È stata la “prima ballerina assoluta”, così il New York Times aveva definito Carla Fracci negli anni ’80.
“Un’eterna fanciulla danzante” aveva detto di lei il poeta Eugenio Montale.
Una vita per la danza e per il suo pubblico: una fiamma che si è spenta all’età di 84 anni dopo aver illuminato i teatri di mezzo mondo e aver condiviso la scena con altri ballerini ugualmente immensi, come Rudolf Nureyev, Erik Bruhn e Vladimir Vasiliev.
“Carla Fracci ha onorato, con la sua eleganza e il suo impegno artistico, frutto di intenso lavoro, il nostro Paese. Esprimo le più sentite condoglianze ai familiari e al mondo della danza, che perde oggi un prezioso e indimenticabile riferimento”, ha detto il presidente della Repubblica, Sergio Mattarella.
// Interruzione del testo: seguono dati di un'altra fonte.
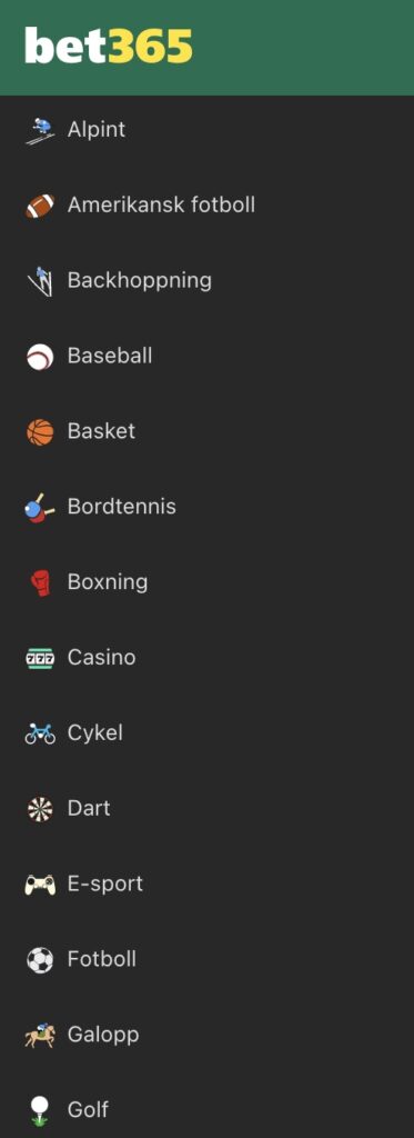 | Webbsida | https://casino.bet365.com/home/sv |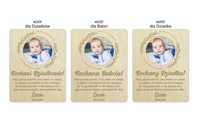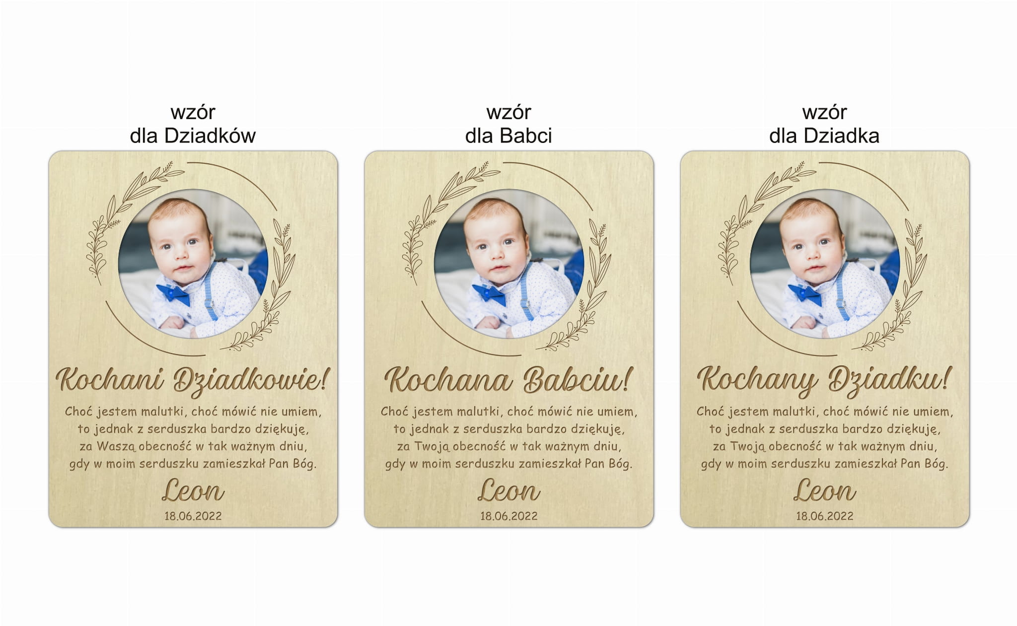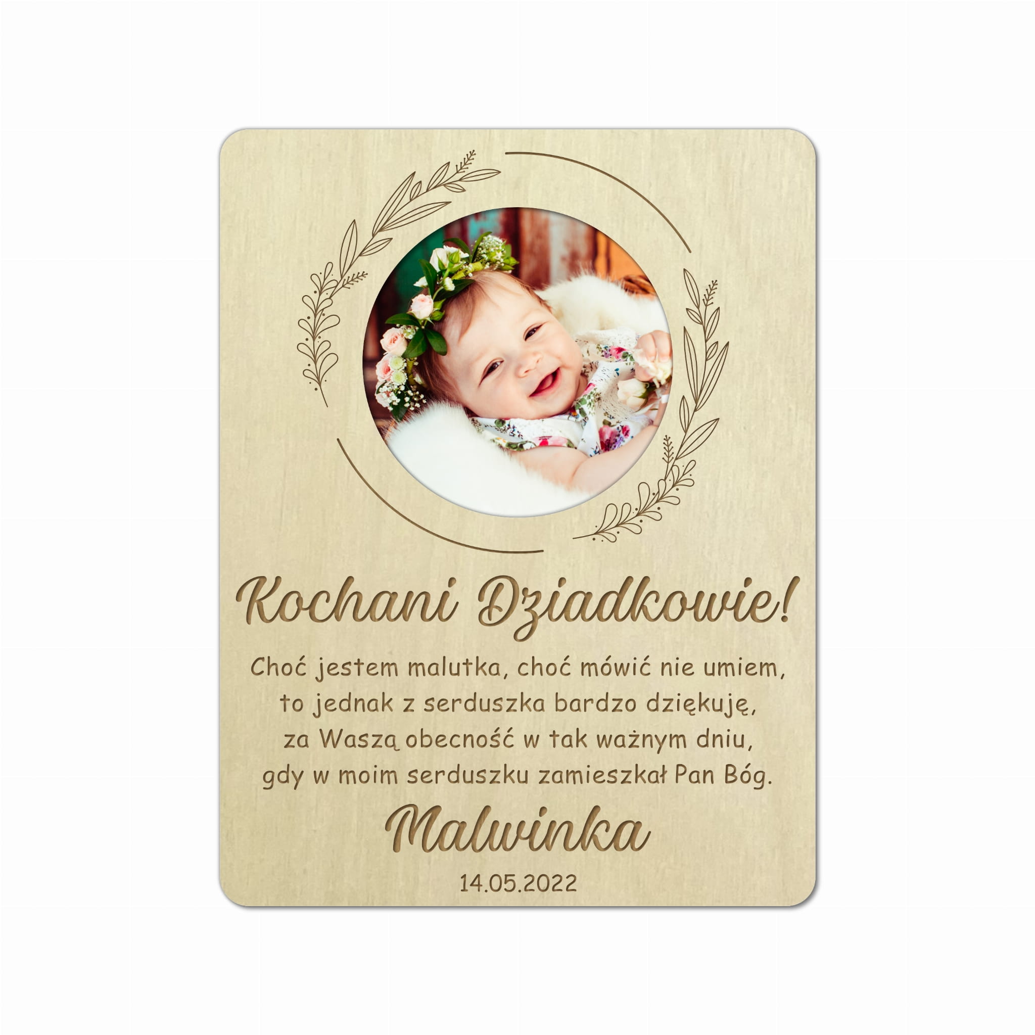 Drewniana kartka ze zdjęciem i z wygrawerowanym podziękowaniem będzie wyjątkową pamiątką dla Babci i Dziadka.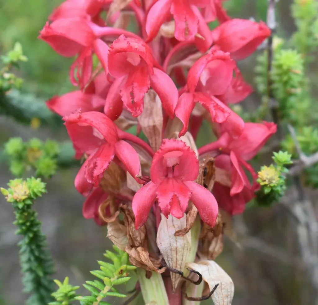 Red Satyre (Satyrium Princeps) is a plant in the Orchidaceae family with moderate care difficulty. It requires moderate watering and moderate light.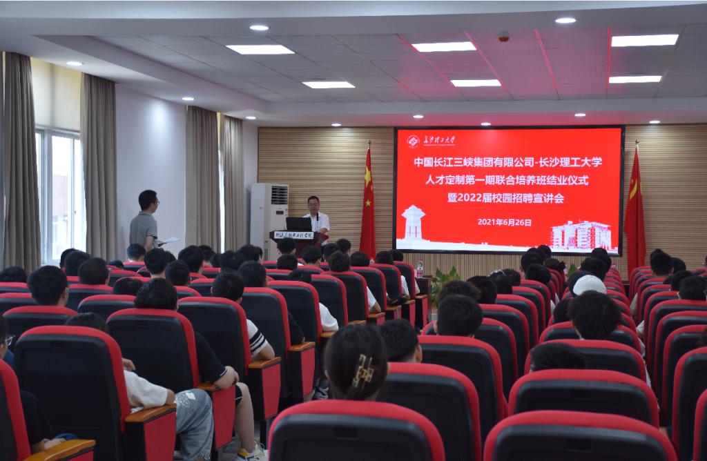 6月26日上午,中国长江三峡集团有限公司-开云kaiyun体育人才定制第一期联合培养班结业仪式暨2022届校园招聘宣讲会于新能源大楼2号楼502顺利召开,中国长江三峡集团有限公司代表、开云官网招生就业处、党委组织部、教务处代表及能动学院和联培班师生共120余人参加了此次活动。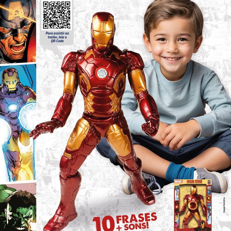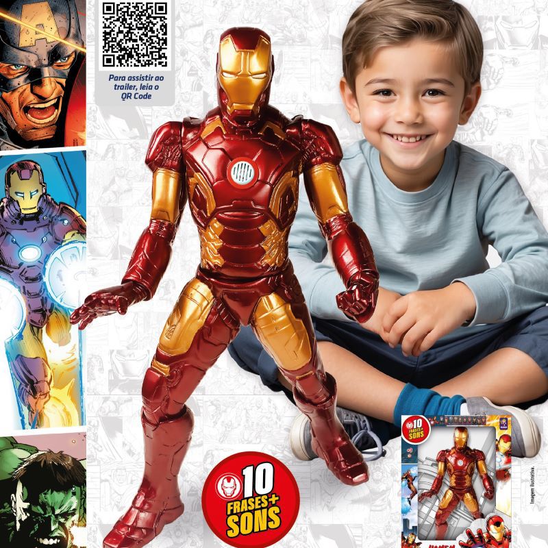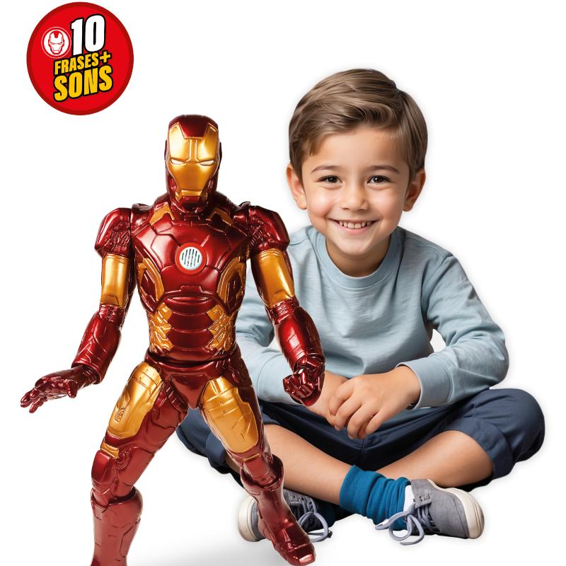 O Vingador mais tecnológico da Marvel ganha vida nesta versão incrível da Mimo. Este boneco articulado do Homem de Ferro não é apenas uma figura de ação, mas uma experiência completa: ele vem equipado com um dispositivo que reproduz 10 falas e sons de batalha originais, ativando a imaginação das crianças e o orgulho dos colecionadores. Com acabamento premium e articulações reforçadas, ele está pronto para voar direto para a sua coleção!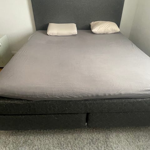 &Tradition säng med sänggavel i grått utförande. Sängen har en rak, enkel gavel och står på ben som ger utrymme under sängen. Passar som dubbelsäng i sovrum. Madrass och bäddtextilier på bilden kan ingå eller avvika beroende på överenskommelse.
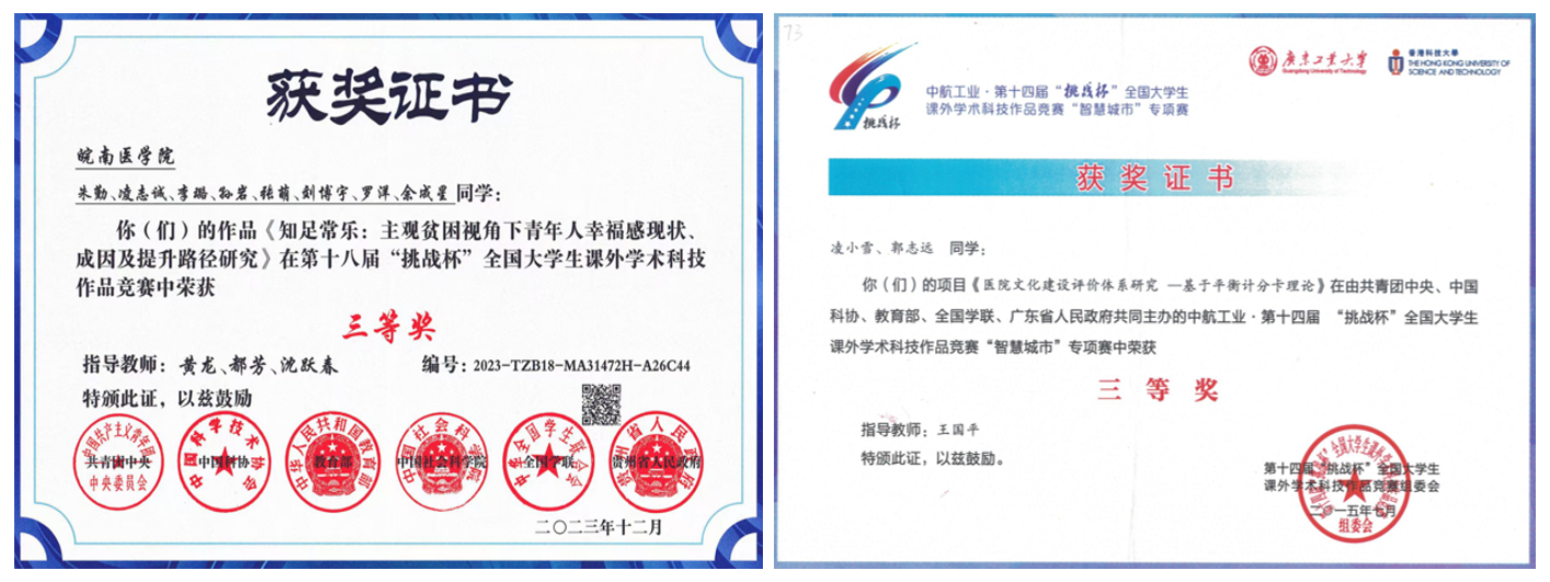 在学科领域竞赛中,获全国大学生心理与行为实验赛、公共管理决策模拟赛、金融投资大赛等国家级专业学会举办的竞赛二等奖3项、三等奖4项,省级一等奖10项,省级银奖3项、铜奖8项。
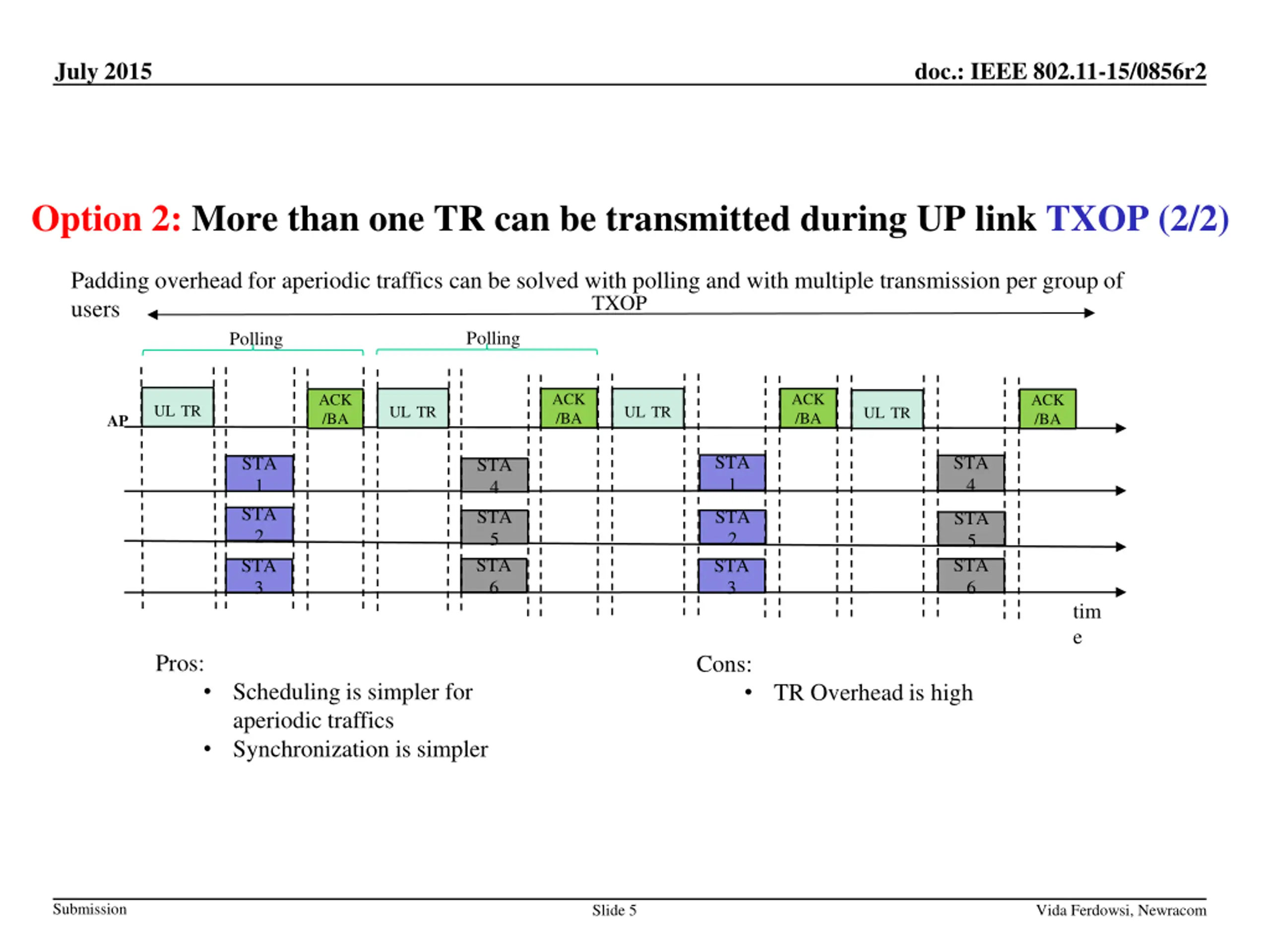 July 2015 doc.: IEEE 802.11-15/0856r2 Option 2: More than one TR can be transmitted during UP link TXOP (1/2) TXOP ACK /BA ACK /BA ULTR ULTR A P Padding Padding STA 4 STA 1 Padding Padding STA 2 STA 5 Padding Padding STA 6 STA 3 time Cons: Pros: Nodes cannot go to the sleep mode TR over head can be high Padding overhead for aperiodic traffic, since AP doesn't know the buffer status of STA No synchronization problem Submission Slide 4 Vida Ferdowsi, Newracom

Anche Roberto Bolle, il primo ballerino al mondo a essere contemporaneamente étoile del Teatro alla Scala di Milano e principal Dancer dell’American Ballet Theatre di New York, ne celebra la grandezza, sottolineando il ruolo di Carla Fracci nel rendere il balletto una magia meno elitaria: “Ha segnato un’epoca, è stata davvero un’icona, un simbolo della danza italiana nel mondo. Il suo ruolo è stato fondamentale perché generazioni di ballerini si sono ispirati a lei, l’hanno ammirata e si sono avvicinati al mondo della danza grazie a Carla Fracci. Ed è diventata anche un’icona pop perché attraverso la tv, il cinema e la pubblicità ha fatto arrivare la danza a milioni di persone, un pubblico che prima non se ne era mai interessato. Quindi il suo ruolo va oltre l’ambito della danza. Dobbiamo ringraziare questa grande donna”.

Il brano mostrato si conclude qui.